Assignment. Copy all lines below exactly as written. Leave pictures out.

Data section.
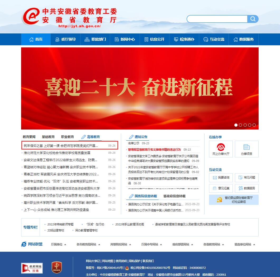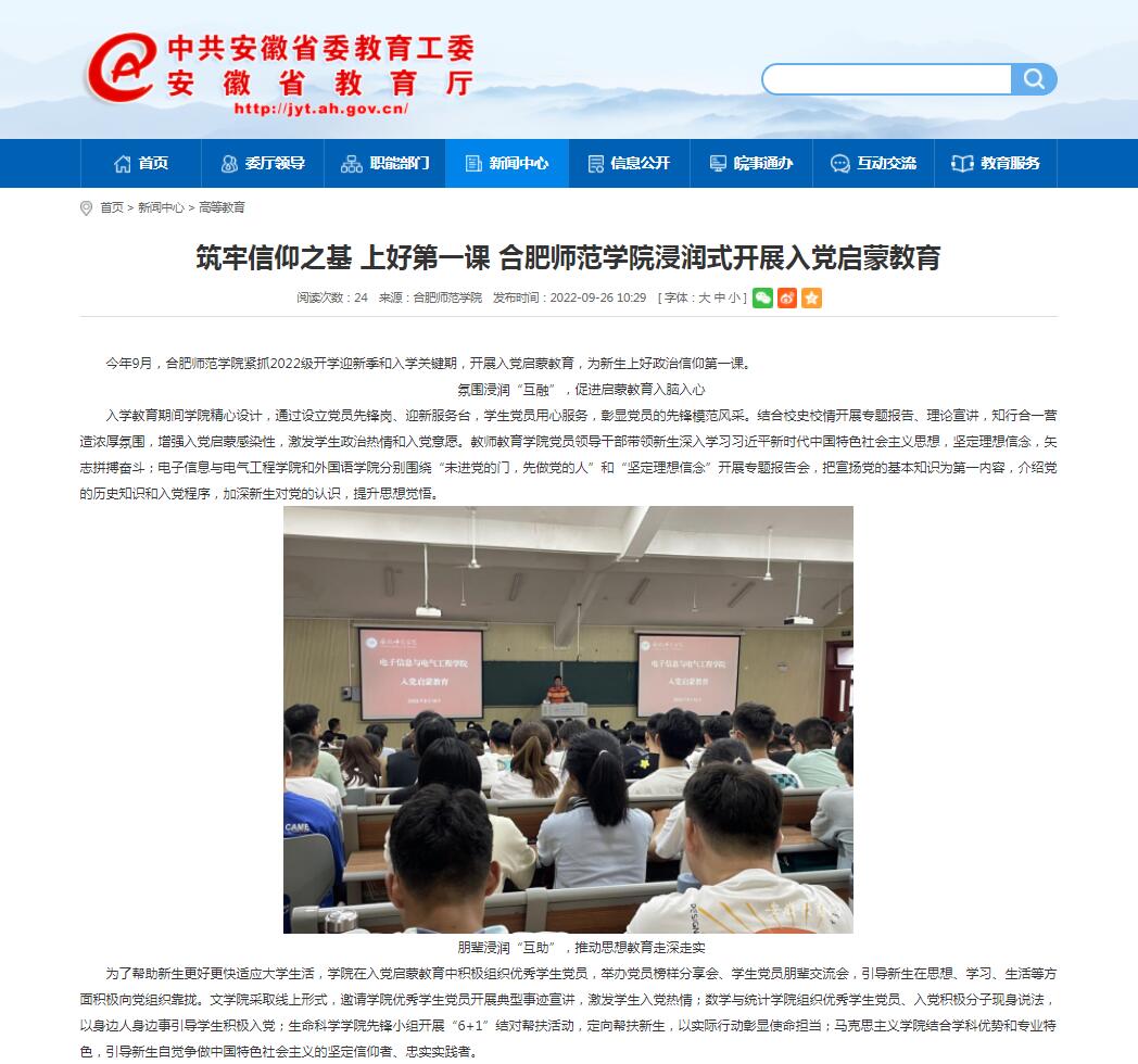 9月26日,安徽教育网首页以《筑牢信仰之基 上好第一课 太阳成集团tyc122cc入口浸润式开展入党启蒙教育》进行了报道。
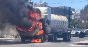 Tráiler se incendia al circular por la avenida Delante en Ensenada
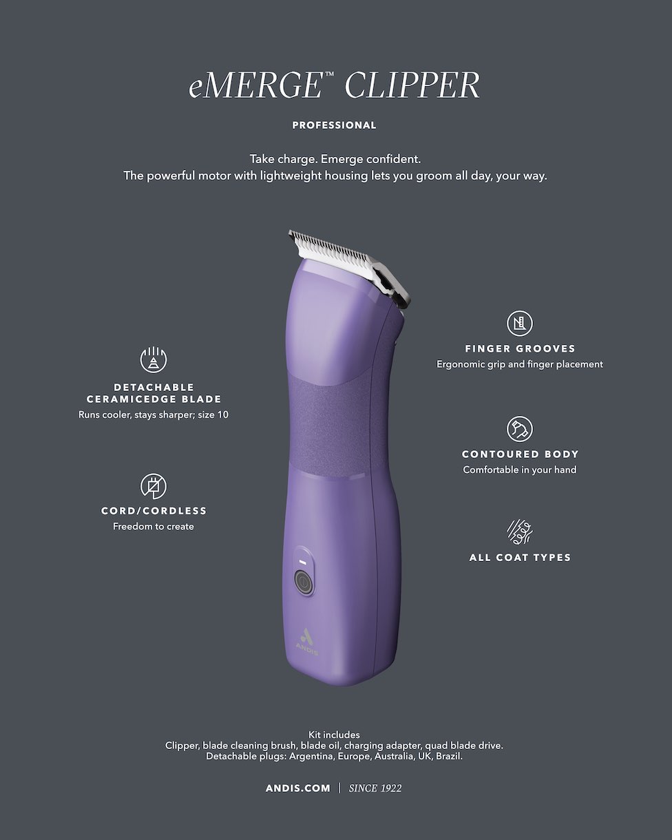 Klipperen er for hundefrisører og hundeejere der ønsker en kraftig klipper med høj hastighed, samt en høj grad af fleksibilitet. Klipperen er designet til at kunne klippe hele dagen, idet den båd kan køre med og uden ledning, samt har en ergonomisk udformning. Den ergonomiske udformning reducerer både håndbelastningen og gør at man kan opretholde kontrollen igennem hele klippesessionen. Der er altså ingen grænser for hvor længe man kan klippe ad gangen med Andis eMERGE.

Exercise output.
 9月26日,安徽教育网首页以《筑牢信仰之基 上好第一课 太阳成集团tyc122cc入口浸润式开展入党启蒙教育》进行了报道。
 Tráiler se incendia al circular por la avenida Delante en Ensenada
 Klipperen er for hundefrisører og hundeejere der ønsker en kraftig klipper med høj hastighed, samt en høj grad af fleksibilitet. Klipperen er designet til at kunne klippe hele dagen, idet den båd kan køre med og uden ledning, samt har en ergonomisk udformning. Den ergonomiske udformning reducerer både håndbelastningen og gør at man kan opretholde kontrollen igennem hele klippesessionen. Der er altså ingen grænser for hvor længe man kan klippe ad gangen med Andis eMERGE.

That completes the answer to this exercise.